• [Work order]: Give back, word for word, the lines in the listing below from the one holding "A pickerel frog" down to the one holding "开通时手表需保持20%及以上的电量。", both ends included.

• [Study material]:

Segment Open

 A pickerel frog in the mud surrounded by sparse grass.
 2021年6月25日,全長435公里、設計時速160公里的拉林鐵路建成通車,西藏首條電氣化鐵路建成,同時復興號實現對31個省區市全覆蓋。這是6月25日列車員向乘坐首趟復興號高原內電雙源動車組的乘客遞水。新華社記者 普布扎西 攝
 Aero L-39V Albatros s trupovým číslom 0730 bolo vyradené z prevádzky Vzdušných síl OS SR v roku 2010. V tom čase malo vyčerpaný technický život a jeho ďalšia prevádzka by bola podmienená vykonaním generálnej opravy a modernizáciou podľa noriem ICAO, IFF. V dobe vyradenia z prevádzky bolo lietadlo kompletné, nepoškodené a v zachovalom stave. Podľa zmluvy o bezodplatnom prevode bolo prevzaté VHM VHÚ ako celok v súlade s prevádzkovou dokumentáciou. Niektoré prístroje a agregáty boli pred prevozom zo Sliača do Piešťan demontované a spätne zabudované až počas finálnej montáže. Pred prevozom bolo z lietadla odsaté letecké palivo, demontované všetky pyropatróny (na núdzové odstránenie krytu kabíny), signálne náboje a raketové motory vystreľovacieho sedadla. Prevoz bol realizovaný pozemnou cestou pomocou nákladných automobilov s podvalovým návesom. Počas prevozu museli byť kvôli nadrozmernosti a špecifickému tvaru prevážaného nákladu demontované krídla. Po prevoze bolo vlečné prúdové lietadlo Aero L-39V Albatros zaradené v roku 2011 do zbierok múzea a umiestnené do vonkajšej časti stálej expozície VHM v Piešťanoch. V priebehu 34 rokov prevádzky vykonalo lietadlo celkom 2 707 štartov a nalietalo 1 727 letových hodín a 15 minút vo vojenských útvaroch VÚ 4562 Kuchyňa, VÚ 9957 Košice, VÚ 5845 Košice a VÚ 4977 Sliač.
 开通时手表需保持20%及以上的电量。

Segment Closed
Segment Open

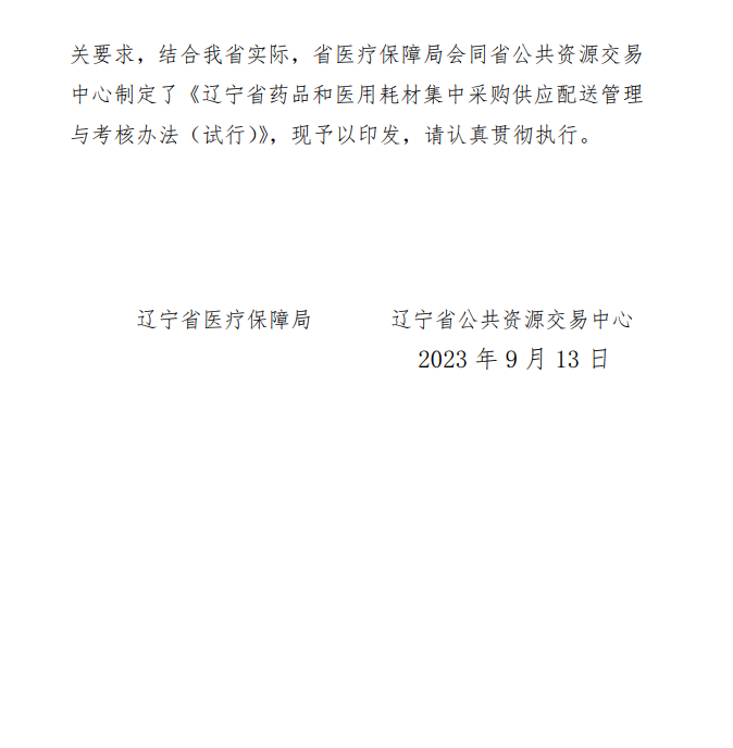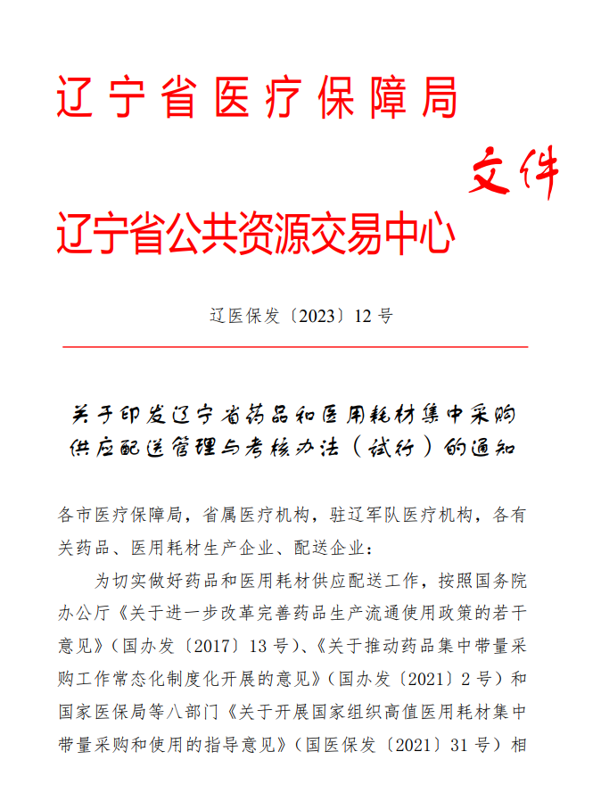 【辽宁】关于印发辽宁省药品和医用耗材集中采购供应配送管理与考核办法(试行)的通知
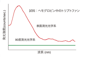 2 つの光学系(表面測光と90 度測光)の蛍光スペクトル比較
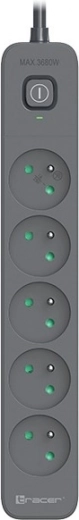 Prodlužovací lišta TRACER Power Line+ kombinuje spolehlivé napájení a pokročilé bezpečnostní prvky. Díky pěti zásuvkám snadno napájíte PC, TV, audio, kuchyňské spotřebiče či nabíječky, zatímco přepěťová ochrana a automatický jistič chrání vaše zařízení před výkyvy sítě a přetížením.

Segment Closed
Segment Open

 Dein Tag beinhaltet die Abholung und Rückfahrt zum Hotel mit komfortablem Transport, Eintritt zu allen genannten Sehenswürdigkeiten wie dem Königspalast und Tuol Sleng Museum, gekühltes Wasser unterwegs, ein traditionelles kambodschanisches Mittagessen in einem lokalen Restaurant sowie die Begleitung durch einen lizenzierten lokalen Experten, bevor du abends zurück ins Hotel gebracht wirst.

Segment Closed

• [Written solution]:
 A pickerel frog in the mud surrounded by sparse grass.
 2021年6月25日,全長435公里、設計時速160公里的拉林鐵路建成通車,西藏首條電氣化鐵路建成,同時復興號實現對31個省區市全覆蓋。這是6月25日列車員向乘坐首趟復興號高原內電雙源動車組的乘客遞水。新華社記者 普布扎西 攝
 Aero L-39V Albatros s trupovým číslom 0730 bolo vyradené z prevádzky Vzdušných síl OS SR v roku 2010. V tom čase malo vyčerpaný technický život a jeho ďalšia prevádzka by bola podmienená vykonaním generálnej opravy a modernizáciou podľa noriem ICAO, IFF. V dobe vyradenia z prevádzky bolo lietadlo kompletné, nepoškodené a v zachovalom stave. Podľa zmluvy o bezodplatnom prevode bolo prevzaté VHM VHÚ ako celok v súlade s prevádzkovou dokumentáciou. Niektoré prístroje a agregáty boli pred prevozom zo Sliača do Piešťan demontované a spätne zabudované až počas finálnej montáže. Pred prevozom bolo z lietadla odsaté letecké palivo, demontované všetky pyropatróny (na núdzové odstránenie krytu kabíny), signálne náboje a raketové motory vystreľovacieho sedadla. Prevoz bol realizovaný pozemnou cestou pomocou nákladných automobilov s podvalovým návesom. Počas prevozu museli byť kvôli nadrozmernosti a špecifickému tvaru prevážaného nákladu demontované krídla. Po prevoze bolo vlečné prúdové lietadlo Aero L-39V Albatros zaradené v roku 2011 do zbierok múzea a umiestnené do vonkajšej časti stálej expozície VHM v Piešťanoch. V priebehu 34 rokov prevádzky vykonalo lietadlo celkom 2 707 štartov a nalietalo 1 727 letových hodín a 15 minút vo vojenských útvaroch VÚ 4562 Kuchyňa, VÚ 9957 Košice, VÚ 5845 Košice a VÚ 4977 Sliač.
 开通时手表需保持20%及以上的电量。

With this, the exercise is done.